研究チームは、米の品質を評価するために「高品質米率(HRR)」という指標を使用しました。これは、精米後に元の長さの4分の3以上を保持している米粒の割合を指します。この指標に基づき、中国と日本の米の品質を比較したところ、以下のような傾向が明らかになりました:
- 中国:過去35年間の平均HRRは約62%で、10年ごとに1.45%ずつ低下。
- 日本:平均HRRは約66%で、特に1996年から2010年の間に10年あたり7.6%という急激な低下を記録。
これらのデータから、両国ともに米の品質が長期的に低下していることが確認されました。
品質低下の原因:夜間の気温上昇がカギ
研究では、品質低下の最大の要因が夜間の気温上昇であると特定されました。具体的には、以下のような温度帯で品質が低下し始めることが分かりました:
- 中国:夜間気温が18℃以上。
- 日本:夜間気温が12℃以上。
夜間の気温上昇が米の品質に影響を与える理由として、高温が光合成の効率を下げ、でん粉の蓄積が妨げられることが挙げられます。また、日射量や降水量、昼間の水蒸気圧不足といった他の気候要因も、米の品質に影響を及ぼしていることが明らかになりました。
地域差と将来予測
地理的に見ると、両国とも南部よりも北部で品質が高い傾向が確認されました。これは、南部の方が赤道に近いため、夜間の気温が高くなりやすいことに関連しています。
将来のシナリオについても分析が行われ、以下のような予測が示されています:
- 低排出シナリオ:温室効果ガスの排出が抑えられた場合でも、2100年までに中国で1.5%、日本で0.5%の品質低下が予想される。
- 高排出シナリオ:特に2050年以降、品質低下が急激に進行し、中国では2100年までにHRRが5%以上低下する懸念がある。
これらの予測は、気候変動の影響が継続的に拡大する可能性を示しています。
気候変動が引き起こす新たな課題
米の品質低下は、単なる農業問題にとどまりません。これは食料安全保障や経済、さらには人々の栄養にも影響を及ぼします。特に日本や中国のように米が主食である国々では、品質低下は消費者の満足度低下や価格変動につながりかねません。
さらに、品質低下により高品質な米の生産が減少すれば、輸出市場にも影響を及ぼします。日本は高品質な米を輸出している国として知られており、品質低下が競争力を損なう恐れがあります。

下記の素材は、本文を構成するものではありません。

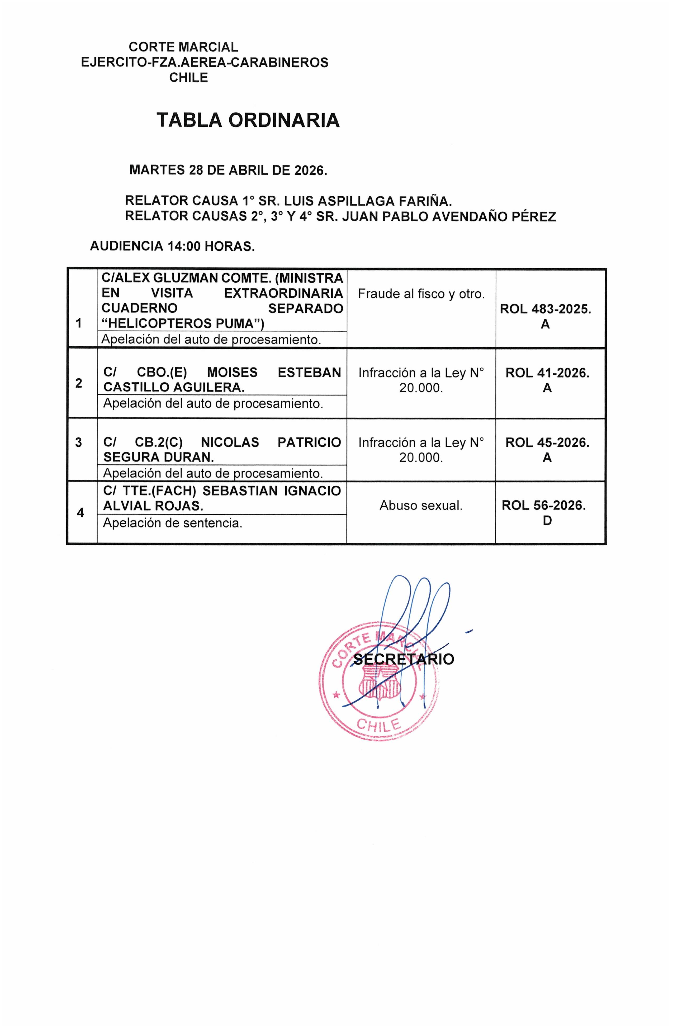 Tabla ordinaria martes 28 de abril de 2026
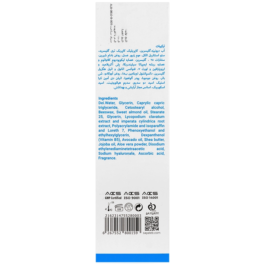 حاوی کمپلکس مرطوب کننده گیاهی (روغن آووکادو، شی باتر، روغن جوجوبا و ویتامین B5)
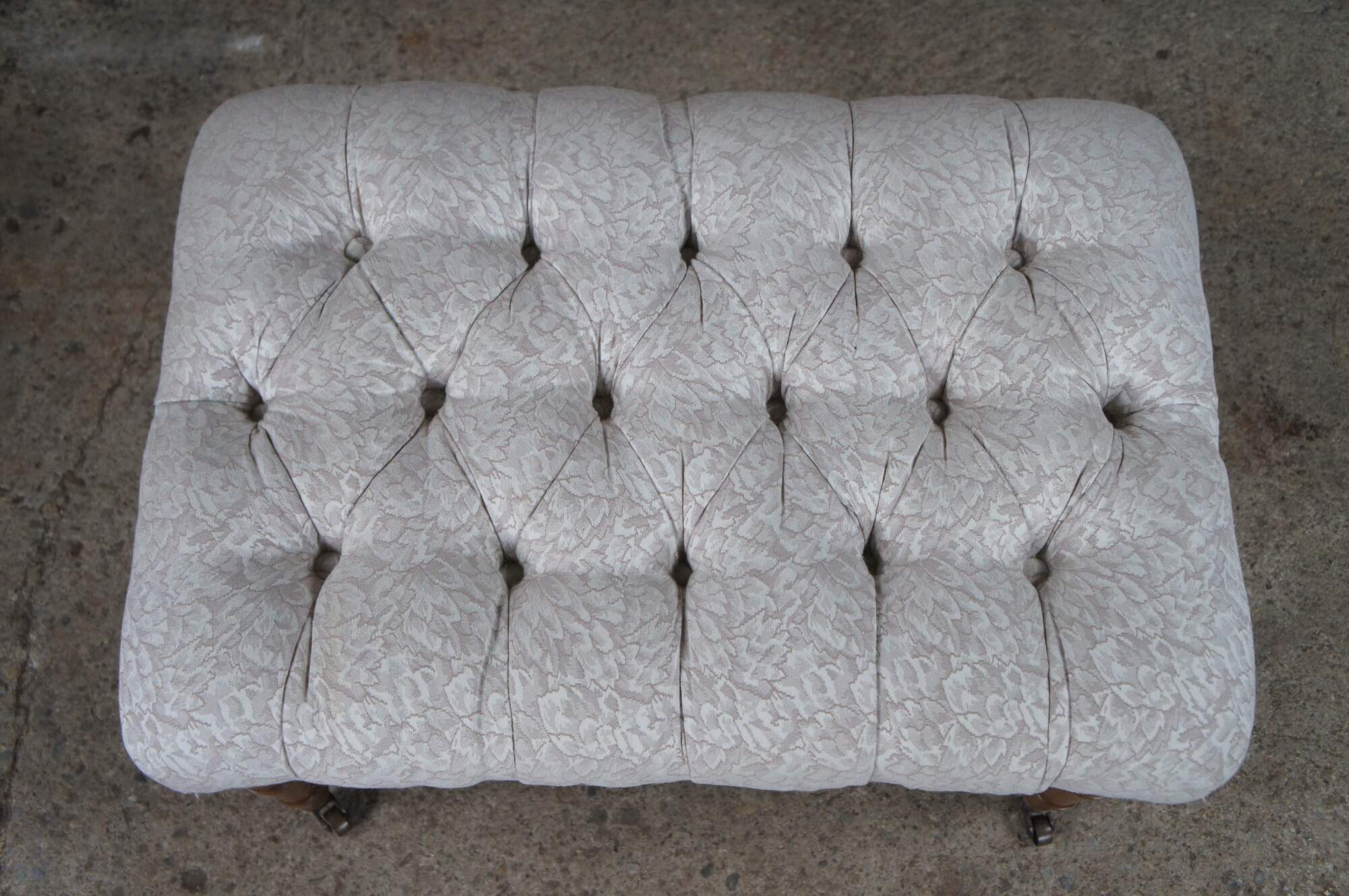 British Colonial style ottoman or footstool, circa 1980s. Features a rectangular distressed mahogany frame with floral upholstered and tufted pillow top. The bench is supported by tapered, ribbed legs with brass casters.
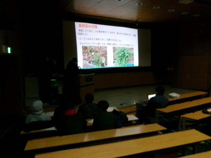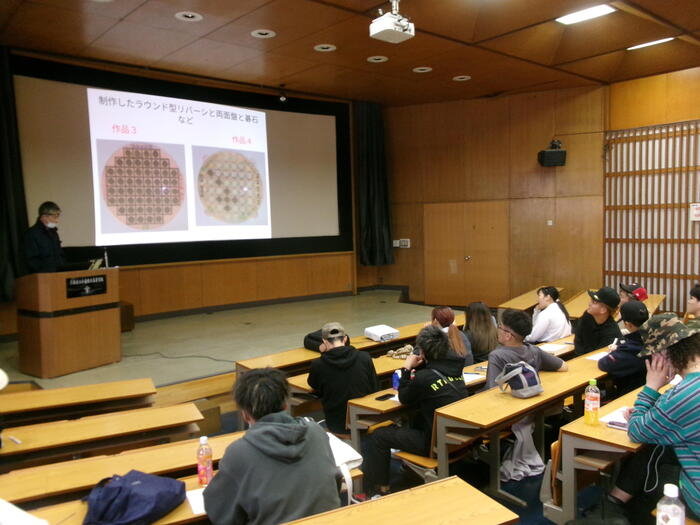本日は3年生最後の授業日!ということで、、、1年間の集大成である 「発表会」を視聴覚教室にて執り行いました。6グループおのおのが 発表を行い、作品の展示も行われました。工業以外の生徒や先生も 見学に来られ、意見や質問など出していただきました。この授業に 携わった方々、1年間おつかれさまでした! ↑作品展示の様子
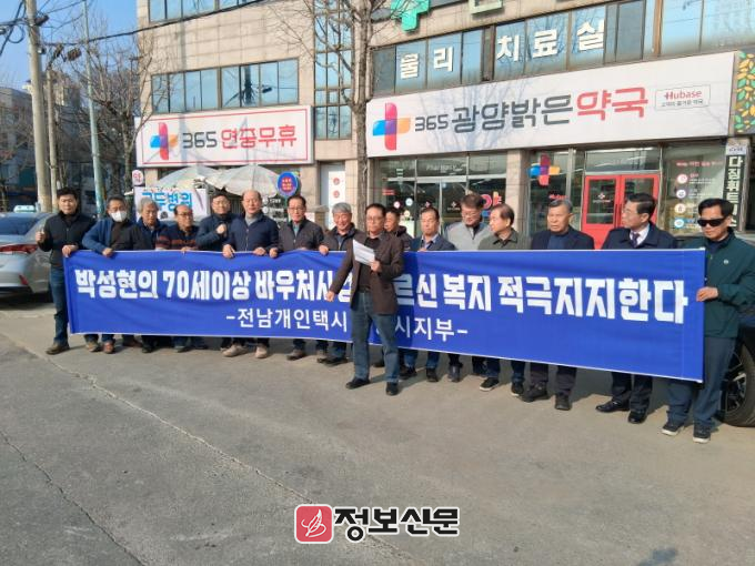 전남 개인택시 광양시지부 조합원 20여 명은 12일 오전 9시께 광양읍 개인택시 조합 사무실 앞과 인동로터리 일대에서 박성현 후보 지지 입장문을 발표했다.

一方、中国は国内消費が主体ですが、人口が多い分、品質低下は国民全体の食生活に直結します。
気候変動に適応するための次のステップ
今回の研究結果は、気候変動に適応した農業技術の開発が不可欠であることを強調しています。具体的には、以下のような取り組みが求められます:
- 耐熱性品種の開発:高温環境でも品質を維持できる米の品種改良が急務です。
- 適応的な農業管理:夜間の気温上昇を緩和するため、灌漑や栽培時期の調整などの管理方法を導入する必要があります。
- 国際的な協力:日本や中国のみならず、世界中の農業研究機関が協力して気候変動に対応する取り組みを進めることが重要です。
まとめ
気候変動が東アジアの米品質に与える影響は、35年以上にわたるデータ分析からも明らかになっています。特に夜間の気温上昇が品質低下の主要な原因となっており、この問題は将来的に食料安全保障や経済に大きな課題をもたらす可能性があります。
気候変動に対応した品種改良や農業管理の革新を進めることで、品質低下を抑える努力が必要です。米は単なる食料ではなく、文化や生活に密接に結びついている存在であり、その品質を守ることは私たちの未来を守ることにほかなりません。